No teatro baiano, o vício _

da comédia ajuda a criar mais um estereótipo: o de que só vale a pena assistir a espetáculos deste gênero. Como um círculo vicioso,

uma parte do público só vai ao teatro assistir espetáculos cômicos, e só se faz comédia porque sabe-se que existe um público garantido. Isto dificulta o crescimento de outros gêneros na produção teatral baiana. _ Três pesquisas sobre hábitos culturais de alguns segmentos sociais, realizadas entre 2001 e 2002 por Sérgio Sobreira e seus alunos da Faculdade de Comunicação da UFBA, confirmaram os estigmas. As pesquisas foram realizadas com 277 entrevistados (148 mulheres e 129 homens), a maior parte, estudante, com idades entre 21 e 25 anos. O estudo foi feito em diversos bairros de Salvador, mas principalmente em bairros considerados de classe média, como Pituba, Rio Vermelho e Federação. Confirmou-se a preferência por cinema e música como atividades de lazer, ficando o teatro como terceira opção. Dentre os entrevistados, aqueles que não vão ao teatro alegam como motivo principal a falta de

interesse, seguido pelo valor dos ingressos, considerados caros.

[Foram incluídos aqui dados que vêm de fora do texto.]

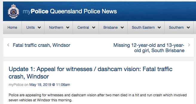 星期六晚上,布里斯班Windsor发生一起7车相撞的严重事故, 之后,该车辆上的两人步行逃离现场。 驾驶摩托车的男子和斯巴鲁车司机当场死亡。 留在宝马车上的第三人,一名24岁的女子受伤被送往医院, ...
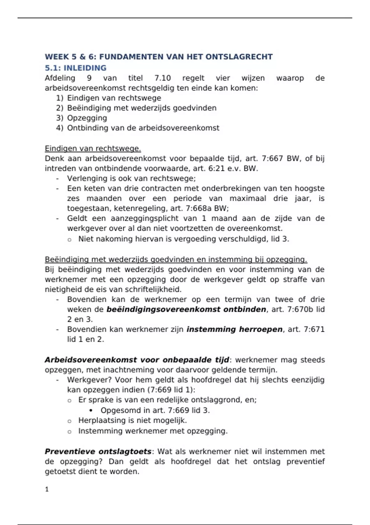 Literatuur samenvatting Arbeidsrecht Verdiept

Entretanto, ao consultar preços de ingressos das peças em cartaz atualmente na cidade de Salvador, verifica-se que o valor da meia-entrada fica em média R$ 7,00, quantia igual ou menor à que é paga em shows, cinemas e boates. Outro dado apontado pelas pesquisas, foi o grau de escolaridade daqueles que freqüentam o teatro. Verificou-se que 78,29% eram universitários, o que justifica o estigma de arte elitista. Quanto ao gênero, foi constatada a preferência pela comédia. _ É difícil encontrar uma solução “salvadora”, que faça com que o público deixe os preconceitos de lado e passe a considerar o teatro opção de lazer como as outras. As políticas de formação de platéia, estratégias desenvolvidas no sentido de atrair pessoas para o teatro e fazer com que criem esse hábito, são uma boa saída. O maior desafio é levar as pessoas uma vez ao teatro e fazer com que conheçam, verdadeiramente, essa arte. Depois, ela se tornará uma necessidade. Como diz João Lima, diretor da premiada peça O sapato do meu tio, “a arte é fundamental na vida do ser humano, assim como se alimentar, morar e ter educação. Acho que a arte é o que nos torna mais humanos”.